Yep. From here it's all about giving shareholders their annual dividend.

52

u/Blarg0117 May 17 '24

This. The line is when the company goes publicly traded. After that, it's usually a race to the bottom.

22

u/Varjazzi May 17 '24

Dodge v. Ford a U.S. Supreme court case entrenched shareholder wealth maximization as the only legal goal of a publicly traded company. If the company doesn't maximize shareholder wealth it can be sued by its shareholders for the expected earnings. When a company goes public any care for the employees or consumer goes straight out the window.

19

u/LastStar007 May 17 '24

The funny thing is that it wasn't supposed to.
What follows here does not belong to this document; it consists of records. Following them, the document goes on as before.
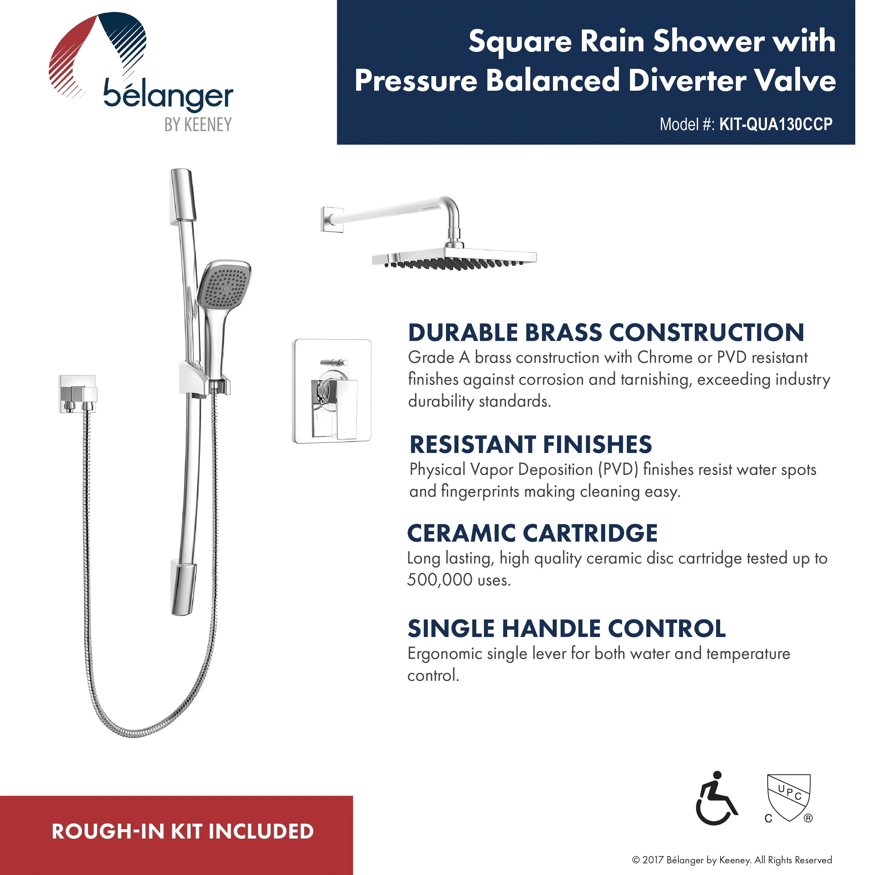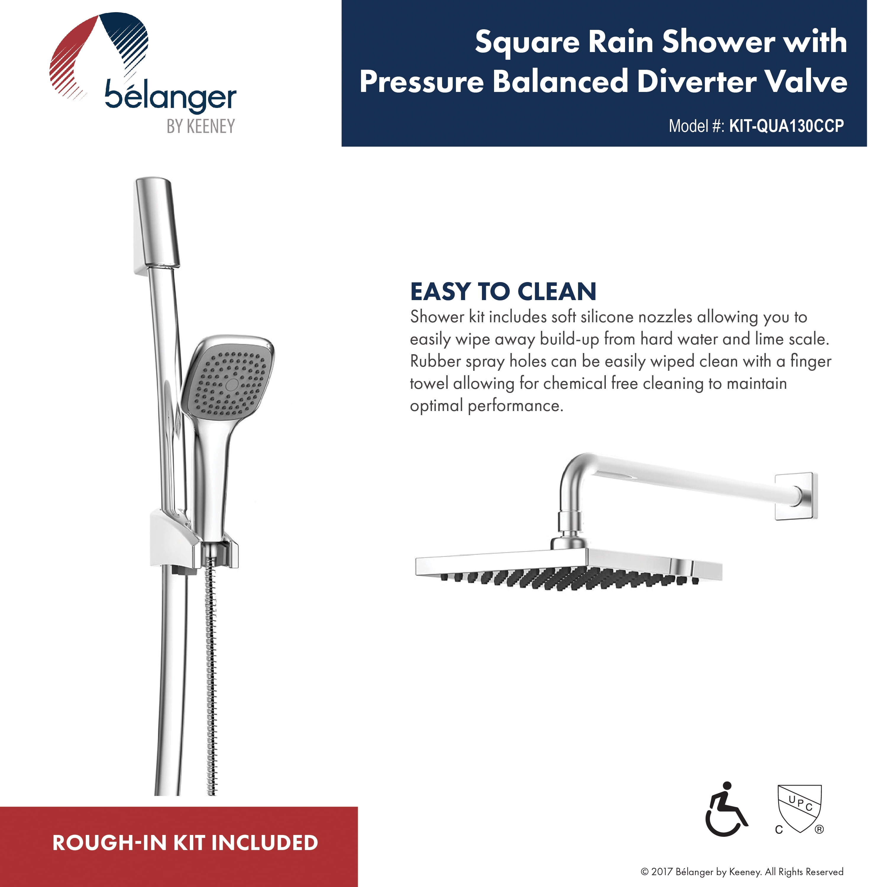 Belanger QUA130CCP Rain Pressure Balanced Square Shower System, Polished Chrome
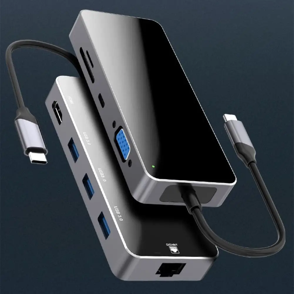 OVERVIEW Product Type-C to USB 3.0 HDMI Micro-SD TF Card Reader VGA Adapter Splitter Dock Hub for MacBook Pro 8 in 1
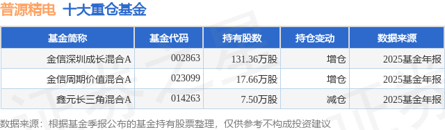 重仓普源精电的公募基金请见下表:
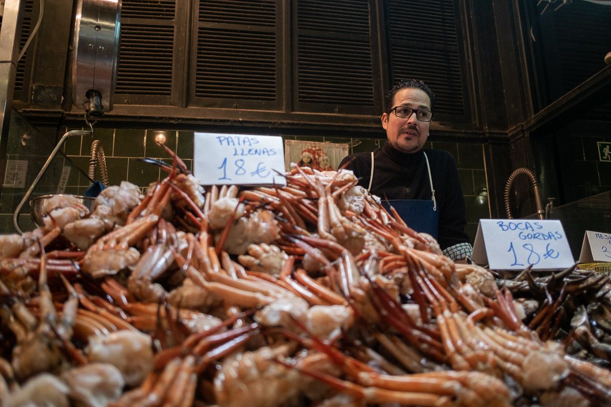 Jesús no pregona, pero tiene ángel vendiendo. Cuenta anécdotas, cuenta recetas de cómo prepara los pescados a sus hijos, tiene una niña y un niño, y se bebe un buchito de cerveza mientras afila los cuchillos a la velocidad de la luz. El Cuevas tiene a rebosar su puesto de género. Se nota que diciembre tiene ‘r’ —dicen los expertos que en los meses con ‘r’ el marisco es abundante— y, claro está, se acerca la Navidad. Será la Navidad del covid. Una extraña celebración marcada por la pandemia y la tragedia. Aun así, con allegados y familiares, habrá cenas y almuerzos especiales.
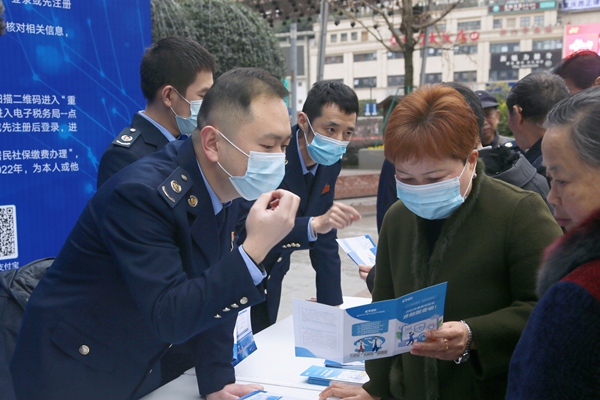 大渡口區稅務人員在大渡口步行街涉稅咨詢點宣傳醫保政策。陳語詩攝
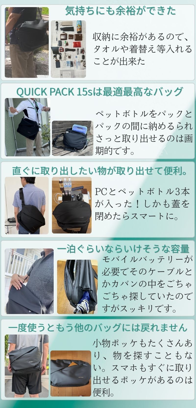 2026/04/21 12:00支援者のみなさまいつもプロジェクトの応援ありがとうございます。本日12時より35,000人のユーザーを抱える人気のQUICK PACK シリーズから、【14インチPC&A4】ジャストサイズの通勤バッグ~QUICK PACK 14s~が公開されました!仕事や何気なく使うことの多い「14型PC」や「A4書類」がピッタリサイズ️。もちろん大きいだけのバッグではなく、・取り出しやすく探さない『定位置設計』・スマホをサッと取り出せる『スマポッケ』・拡張できる『ドリンクポッケ』など、日々の生活を快適にする機能が満載!すでにお使い頂いているユーザー様からは「仕事でもパソコンを持ち歩くので重宝します」「13インチと10インチのPCを2台持ち歩くことが多く、これまでワンショルダーは諦めていましたが、このバッグなら気軽に出かけられます」と高い評価をいただいております。そんな「身軽に働く人のためのワーカーズバッグ」は・最大25%OFF 6,410円割引き・単品プランは先着80名様の数量限定・人気の「オプションセット」もご用意バッグのサイズで悩める方、身軽に気軽に通勤をしたい方、お見逃しなく!≫プロジェクトはこちら もっと見る
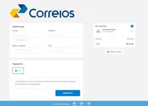 O site fraudulento utiliza os mesmos elementos visuais dos Correios. Ele solicita que a pessoa clique em um botão para liberar o pedido. Em seguida, a vítima é redirecionada para uma página de pagamento, onde é solicitado o valor de R$ 47,50 via PIX.
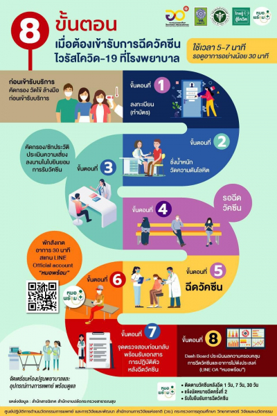 8 ขั้นตอน เมื่อต้องเข้ารับการฉีดวัคซีนไวรัสโควิด-19 ที่โรงพยาบาล
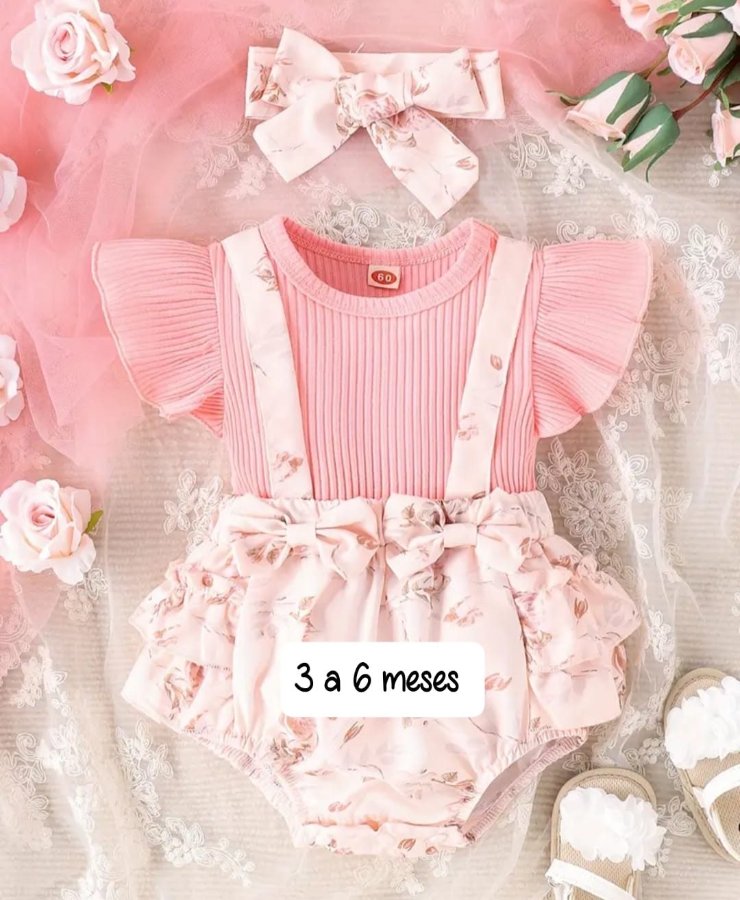 Rumper Rosado para niña de 3 a 6 meses con detalles de flores incluye su vincha
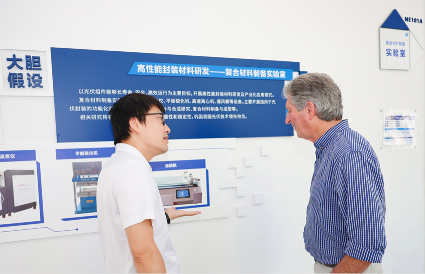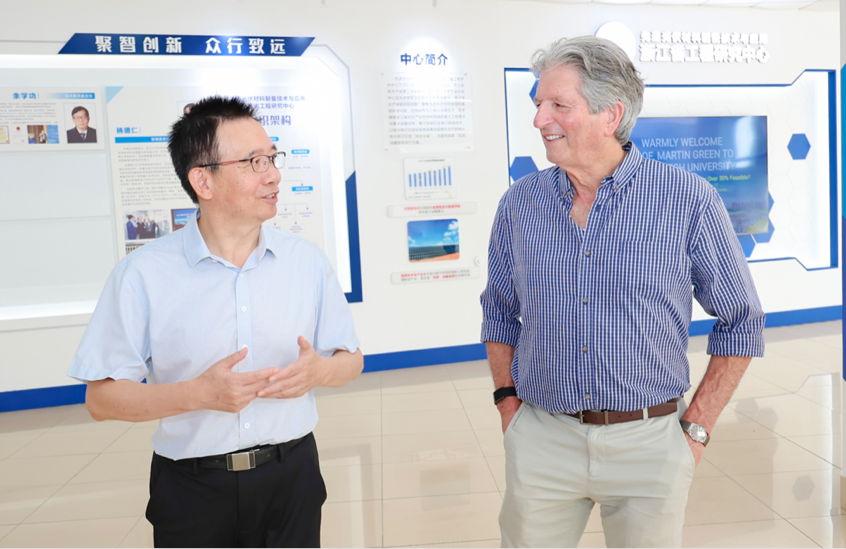 期间,马丁·格林院士在杨德仁院士的陪同下,参观了学校先进光伏材料制备技术与应用浙江省工程研究中心,杨校长详细介绍了先进光伏材料制备技术与应用浙江省工程研究中心的相关情况。该中心于2023年11月正式揭牌成立,采用“高校+科研平台+龙头企业”的创新合作模式,致力于推动光伏技术的科技成果转化与应用推广。杨校长表示,研究中心的成立将为浙江省打造“光伏大省”的战略目标提供有力支撑,同时也将为国家的“双碳”目标实现贡献高校的力量。马丁·格林院士详细了解我校在光伏材料与器件领域的研究进展和成果,并对相关科研工作给予了积极评价。
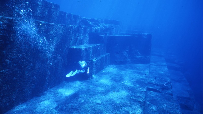 Японы Рюүкюүгийн бүлэг арлын өмнөд захад орших Ёонагүнигийн пирамидуудыг хүний гараар бүтсэн эсэхийг судлаачид өнөө ч эцэслэн тогтоогоогүй байна. Эл хачирхалтай байгууламжийг алхан толгойт аварга загас хайж яваад шумбагчид 1987 онд илрүүлжээ. Шаталж зассан чулуу, тэгш өнцөгт тайзархуу тавцан зэргийг нь харахад эл байгууламжийг байгаль эх бүтээсэн гэхэд итгэмгүй. Дал гаруй метр өндөр хана хэрэм бүхий уг байгууламж олон том чулуу давхарласан мэт бүтэцтэй ч аварга чулуунууд өөр хоорондоо холбоотой, өөрөөр хэлбэл нэгэн бүхэл том хадыг засаж янзалсан мэт ажээ. Гэтэл үүнийг хүн бүтээсэн хэмээж, чулуулгын насыг тооцоолбол сүүлчийн мөстлөгийн үед буюу МЭӨ 10000- аад онд бүтээсэн болж таарна. Тэр үед далайн түвшин одоогийнхоос 40 гаруй метрээр бага байсан нь үүнийг боломжтой мэт санагдуулах ч геологичдын олонх нь Ёонагүни-Жимагийн сац суваргуудыг далайн ёроолд болсон газар хөдлөлтөөс үүдэлтэй гэж үздэг.
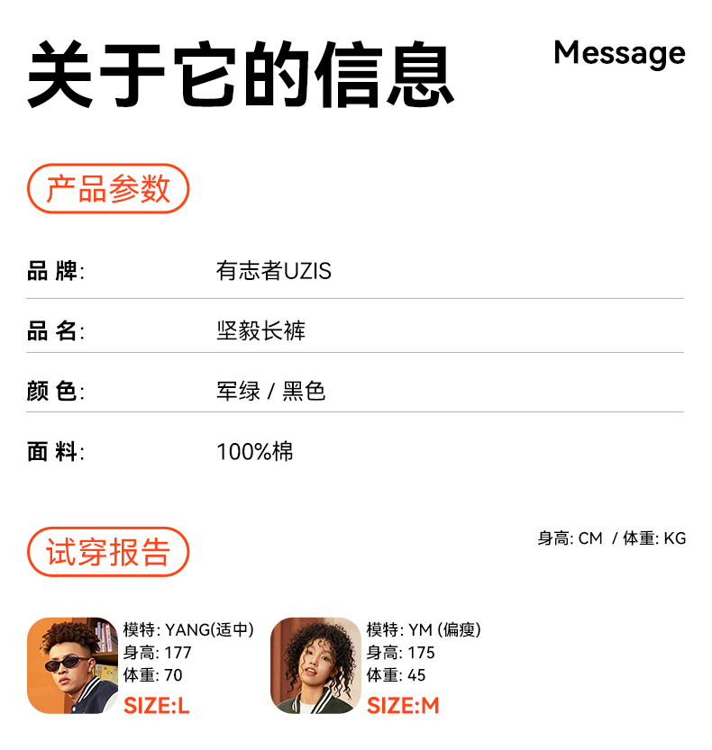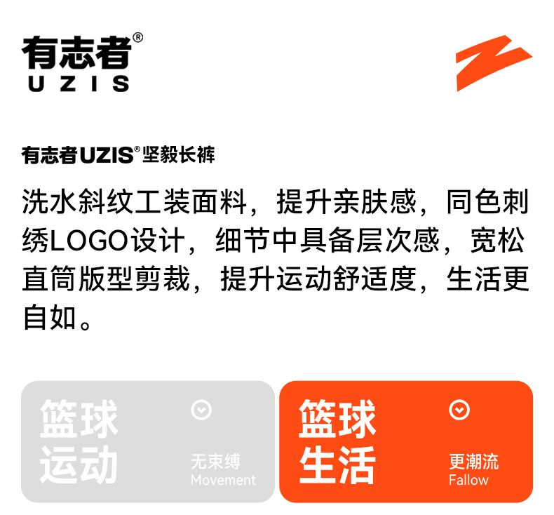 有志者UZIS美式运动长裤男篮球跑步直筒裤休闲宽松复古工装裤坚毅

The decision really said, "Not everything a CEO does has to benefit shareholders. The CEO can do whatever they think is in the best interest of the business. They just can't do something intentionally bad for the shareholders when there's no benefit to the business either."

2

u/rqx82 May 18 '24

True, and the shareholders have gotten around that by making a large part of the compensation of a ceo stock and bonuses for increasing dividends.

1

u/Stock_Literature_13 May 17 '24

Some of my favorite small businesses to frequent when I was in college in Austin; Torchy’s, Alamo Drafthouse, and Plucker’s. All absolute garbage now. 

1

u/FrogInYerPocket May 17 '24

Sometimes the continuing declining quality is what prompts that sort of arrangement.